Als een polyeder zich verplaatst in de ruimte, en het vlak van de hagedissen tegenkomt, dan is de snede met het vlak een veelhoek. Naarmate de polyeder zich verplaatst zal de veelhoek vervormen, en helemaal verdwijnen als de polyder het vlak voorbij is.  (zoals De man die door muren loopt van Marcel Aymé ?). De hagedissen zien enkel de veelhoeken, maar ze zien ze op een dynamische manier: ze kunnen zien hoe ze vervormen. Met wat ervaring gaan ze misschien uiteindelijk zich een beeld kunnen vormen van die polyeder die ze niet ruimtelijk kunnen zien.
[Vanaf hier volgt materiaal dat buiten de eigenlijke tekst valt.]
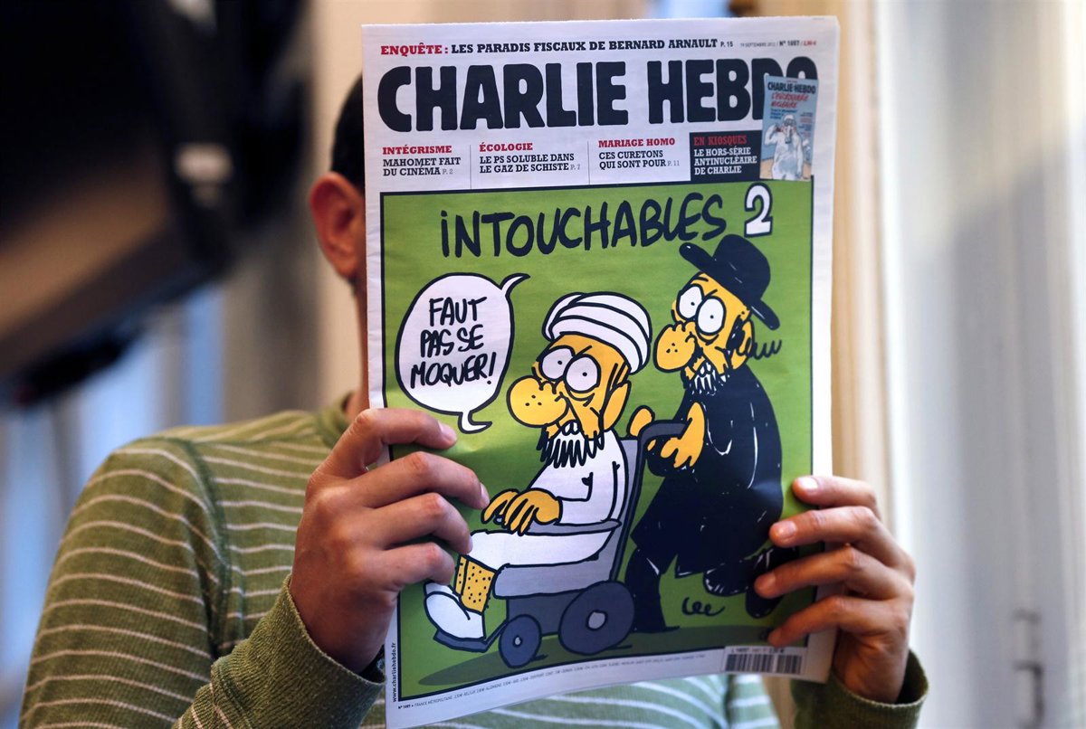En la portada del semanario aparece un dibujo de un judío ortodoxo empujando una silla de ruedas en la que está sentado un hombre con un turbante en la cabeza que dice "No deberíais burlaros", acompañado por el titular "Intocable 2" (una referencia a la película francesa 'Intocable', sobre un hombre blanco tetrapléjico y su asistente negro).

Dat alles roept vele vragen op. Bijvoorbeeld, hoe kunnen hagedissen in een vlak een veelhoek zien? Moeilijke vraag! We kunnen het hen niet vragen. Als men er echter wat over nadenkt, dan ziet men in dat wij hetzelfde probleem hebben. Hoe zien wij voorwerpen met drie dimensies, waarvan de projectie in ons oog terechtkomt op ons netvlies, en dus maar twee dimensies heeft? Er zijn veel antwoorden. Vooreerst hebben wij twee ogen die niet exact hetzelfde zien, en onze hersenen gebruiken die twee lichtjes verschillende beelden om een beeld van drie dimensies samen te stellen.

Maar er is ook het effect van schaduwen, lichtinval, enz. waaruit we informatie afleiden die ons iets zegt over de afstand waarop het object zich bevindt.
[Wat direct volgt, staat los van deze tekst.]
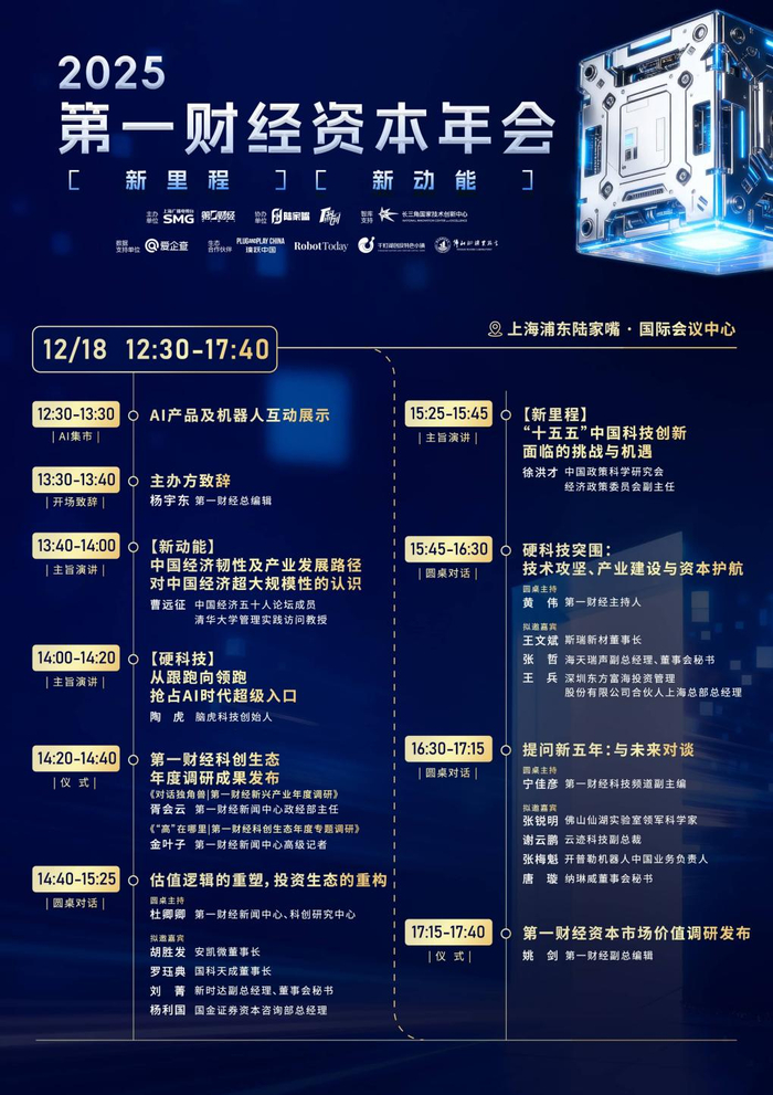 12月18日,上海陆家嘴,第一财经资本年会将以“新动能、新里程”为主题,聚焦新五年发展周期下的创新路径与产业跃迁,围绕核心议题展开深度研讨,为产业界、学术界、资本界搭建起跨界对话平台,共同推进资源的优化配置,凝聚产业共识,为推动经济持续向好贡献重要力量。

Tenslotte, en misschien vooral, hebben we ervaring met de wereld die ons omringt : als we een foto van een voetbal zien, dan herkennen we dat, niettegenstaande het feit dat de foto plat is, want we hebben dat al eerder gezien, en we hebben al eens een voetbal in onze handen gehad.

Laat ons dus niet aarzelen om onze hagedissen twee ogen te geven, en ervaring met hun wereld. Als ze een zeshoek tegenkomen, dan kunnen ze die herkennen. In het boek van Abbott komen al deze vragen met veel humor aan bod.

Cliquez l'image pour un film.

In de film ziet men de vijf regelmatige polyeders die het vlak doorkruisen, en men ziet de sneden/veelhoeken die vervormen. Het is geen gemakkelijke zaak want de sneden hangen af van de manier waarop de polyeder door het vlak vliegt. Als een kubus zich bijvoorbeeld aandient met een zijvlak evenwijdig met het vlak, dan krijgen we geen verassing: de sneden zijn vierkanten. Als men daarentegen een kubus snijdt met een vlak door zijn middenpunt, loodrecht op een diagonaal van de kubus, dan is de snede een regelmatige zeshoek, en dat ligt al minder voor de hand!

Nadat alle polyeders het vlak doorkruist hebben komt Escher met oefeningen. Hij toont veelhoeken in het vlak die vervormen, en U moet raden welke polyeder bezig is het vlak te doorkruisen, alsof U een platte hagedis was! Deze oefening is niet eenvoudig, en we wensen U geluk! De methode van de sneden is dus niet ideaal, en we moeten nog iets anders vinden...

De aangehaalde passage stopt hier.